We laughed again and waved as he went one way, and I went the other.

It’s a common commentary on life, I suppose. Joking about aging. Until aging really starts happening to us.

Like my sisters and me at the family reunion some years ago. “You remember,’ I posed the question. “How we used to laugh at Mom and her brothers and sisters. They drove halfway across the country to drink coffee and talk about their aches, pains, and surgeries?”

We laughed.

“Well,” I continued, “here we are, we’re at that age. Talking about our aches and pains and surgeries. And I’m trying hard to remember. What was it that was so dad-gum funny about that?”

I’ve always tried to care for myself, as I do with the old cars I enjoy tinkering with. Routine maintenance for me and for them, to keep us all on the road and between the ditches.

During my three score and ten, plus a half dozen, I’ve jogged, walked, worked out at the gym and at home, water skied, bicycled, or laid on the couch and slept late in varied attempts to stay in shape. Or not.

Like the television commercial that touts a body in motion stays in motion, my goal was always to stay active. I’ want’ve always thought it better to wear out rather than rust out. 

Just as I keep the rolling stock in the garage nourished with quality lubricants and fluids, I’ve also tried eating healthy. Reinforcing diet with vitamins and supplements.

The result? So far, so good. I guess. At this mature age of social security benefits and increased fiber, my checkups are good. And I require only one prescription medication. Still, the journey has had its moments. Shopping to supplement my supplements last weekend reminded me of early one morning in the 1980s, touring Arkansas in a car born in 1957.

Hitting the road early, I wasn’t far into the morning when I sensed my heart racing. Feelng warm. A glance in the mirror revealed a bright red face staring back at me. As if that wasn’t enough, I began to itch. Fiercely.

A quick exit off I-40 took me to St. Mary’s Hospital in Russellville, Arkansas. “Taken any medicine this morning,” the nurse asked.

“No.”

“Have you eaten anything this morning?”

“Just fast-food fake breakfast. Sausage biscuit. Orange juice. Coffee. Black,” I said. Mentioning again how the itching was escalating.

“Where do you itch,” she asked?”

“More all over than anywhere else,” I offered.

“It might be the orange juice,” she commented while checking my blood pressure.

“I’ve never been allergic to anything.”

“No medications,” she doubled back to ask again.

“No. Although I did take my morning ration of vitamins.”

“What did you take?”

“Let’s see … I take vitamins A, B complex, C, niacin, lecithin, bran, brewer’s yeast, zinc, bone meal … that’s all I can think of at the moment.”

She continued writing. “Why do you take lecithin.”

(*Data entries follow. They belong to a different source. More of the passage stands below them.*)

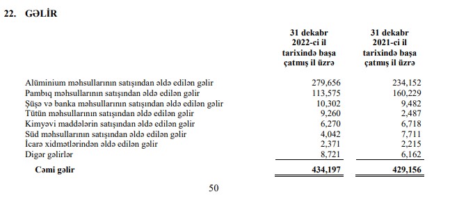 Hesabatda qeyd edilib ki, Qrupun əməliyyatları qlobal alüminium və alüminium oksidinin qiymətlərindən çox asılıdır. Alüminiumun qiyməti 2022-ci il ərzində bir ton üçün təxminən 3 800 ABŞ dolları məbləğinə yüksəlmiş və sonra ilin sonuna qədər 2 400 ABŞ dolları məbləğinə enmişdir. 2022-ci il ərzində xam pambığın bir tonunun qiyməti 2 910 ABŞ dollarından 2 210 ABŞ dollarına düşmüşdür. Dünya bazarında ipəyin qiyməti 2022-ci il ərzində bir ton üçün 70.2 ABŞ dollarından 61.1 ABŞ dollarına qədər azalmışdır.
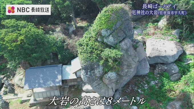 長崎県内各地をドローンの映像で紹介している、ふるさと再発見『長崎ばーどアイ』です。今週は高さ8メートル、パワースポットとして注目されている佐世保市 宇久島 厄神社の大岩です。宇久島のパワースポット厄神…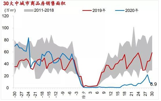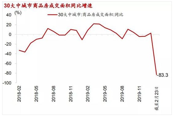 這主要是因為受疫情影響,1月26日中國房地產業(yè)協(xié)會發(fā)出倡議,號召房地產企業(yè)暫停售樓處銷售活動,疫情過后再行恢復。在此號召下,多地房地產業(yè)協(xié)會先后響應,發(fā)布公告暫停售樓處銷售活動。據不完全統(tǒng)計,截至1月末,已有60余個城市住建部門發(fā)布通知,要求暫停售樓處營銷活動。此外,部分地區(qū)甚至暫停房地產中介服務活動,例如門店暫停營業(yè)、不得組織現(xiàn)場看房等。在新冠疫情的沖擊下,這個新春的房地產銷售格外寂寥,特別是對三四線城市而言。

“Helps reduce cholesterol and lower blood pressure. Is that what’s making me itchy and red-faced?”

“No,” she said. “I just like to test people to make sure they know why they’re taking vitamins.”

“No one told me to expect a pop quiz,” said. “Does trying to stay out of hospitals count as a reason to take vitamins?”

Until that moment, I never knew that some nurses have no sense of humor.

I contemplated my fate. Was it circulation, heart trouble, or old age? After all, I was approaching 40.

”Good morning, ” announced the doctor. “Do you like broccoli?”

“Broccoli,” I asked before pausing? “Yes, I like broccoli. But tell me, doc, what does green veggies have to do with our unplanned, but nice, chat?”

“You eat lots of it?”

“Sometimes.”

“I think that’s causing your symptoms this morning.”

“Broccoli,” I paused. “As a rule, sausage biscuits don’t come with broccoli. Even in Arkansas. It wasn’t even listed as a side on the menu.”

“You told the nurse you take niacin.”

“I did. And I do.”

“And you took niacin this morning. I’m guessing before breakfast?”

“Maybe,” I conceded.

“I think you’re experiencing a niacin reaction. If you eat broccoli, you’re probably getting a sufficient amount of it without added niacin. If so, an extra dose on an empty stomach can trigger the symptoms you’re experiencing.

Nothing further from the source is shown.